Peter Aiken’s book ‘The case for the Chief Data Officer’ is an excellent read. It really explores the economic benefits of having a CDO and the first place that this book will be launched in a language other than English is the Portuguese version for Brazil. I believe that this shows how eager companies in Brazil are to explore data in this way.

Does it take a long time to cross the chasm to becoming a data-led organization and how can you carry the management with you?

MF: It takes around two years to build a data organization in any company. If you are really serious then you need to build up policies and operations around data strategy, data acquisition, data operations, analytics, governance, quality, privacy and so on. It takes time and investment and the CDO will help to implement all of these areas, but it is a journey.

Making it work is not just a question of money; it’s more about company maturity, but the results can start coming sooner than the two years I mentioned. You can create a program of quick wins allowing you show gains in the first 100 days and then have something new you can deliver every week. But you need to accept that to build a powerful data organization that benefits all areas of the company will take time.

What was your experience when arriving at Boa Vista in Brazil?

MF: My first week was great – everyone was my friend and slapping my back and welcoming me. Then in the second week they were screaming at me, asking why the quality of our data was so bad? Managers were saying that they were losing business because of the poor quality of data.

I took my team to a room and told them that we needed to build credibility internally. We needed to show our internal customers that our data is great. We needed to work with the IT team to fix the systems and work alongside the sales team so they would have great data to work with.

I implemented a 100-day initiative to give us room to breathe. This aimed to capture a lot of data benchmarks and three months later we had a big sales convention where I showed them some of the data and the business managers were supportive of the changes we were making. Make sure that you capture these benchmarks early on so that you know your data realities – not just perceptions.

Your new role at ServiceSource is focused on customer retention, but every executive knows that it costs more to get new customers than just looking after existing ones, so how can data help with this?

MF: It’s true that everyone knows this about customer retention, but go and look at most companies. How many customer databases do they have? I recently changed my phone number and I called my bank and let them know, but other parts of the same bank – like the credit card team – were calling me using the old number. This is the kind of thing that ServiceSource is really good at – we can build a methodology for companies to use that helps them work better with their existing customers.

My job is around taking data to the next level – exploring the market and how it will work five years from now because data is the new oil. Data is the oil of the twenty-first century, but you don’t put oil in your car, you use gasoline. You manufacture products using plastic, not oil. The CDO can explore the data a company has and determine how best to refine it in a way that creates the most economic benefit.

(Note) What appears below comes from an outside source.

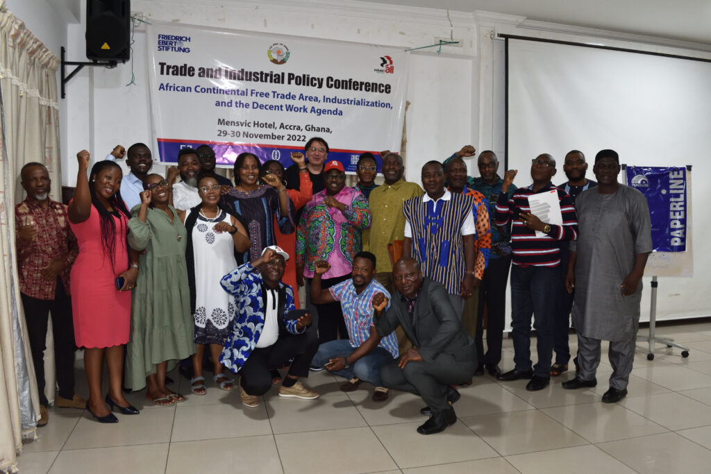 31 January, 2023Unions want labour provisions to be included in the next phases of negotiations of the African Continental Free Trade Areas (AfCFTA). This demand comes from IndustriALL affiliates in Kenya, Ghana, Guinea, Ivory coast, Lesotho, Nigeria, Senegal, Tanzania, and Zimbabwe who were present at a trade and industrial policy conference, in November last year in Ghana.

Having worked as a CDO in both the USA and Brazil, are there any specific differences about the market in Brazil?

MF:  Brazilian executives come to the US and Europe to attend the best business schools in the world – I don’t see a difference in executive talent at this point in time.  Many Brazilian companies have very mature processes and are using international standards such as US accounting. Ten years about I would have said that Brazil is lagging behind, but look now Brazilian companies own brands like Budweiser! Brazil has matured a lot.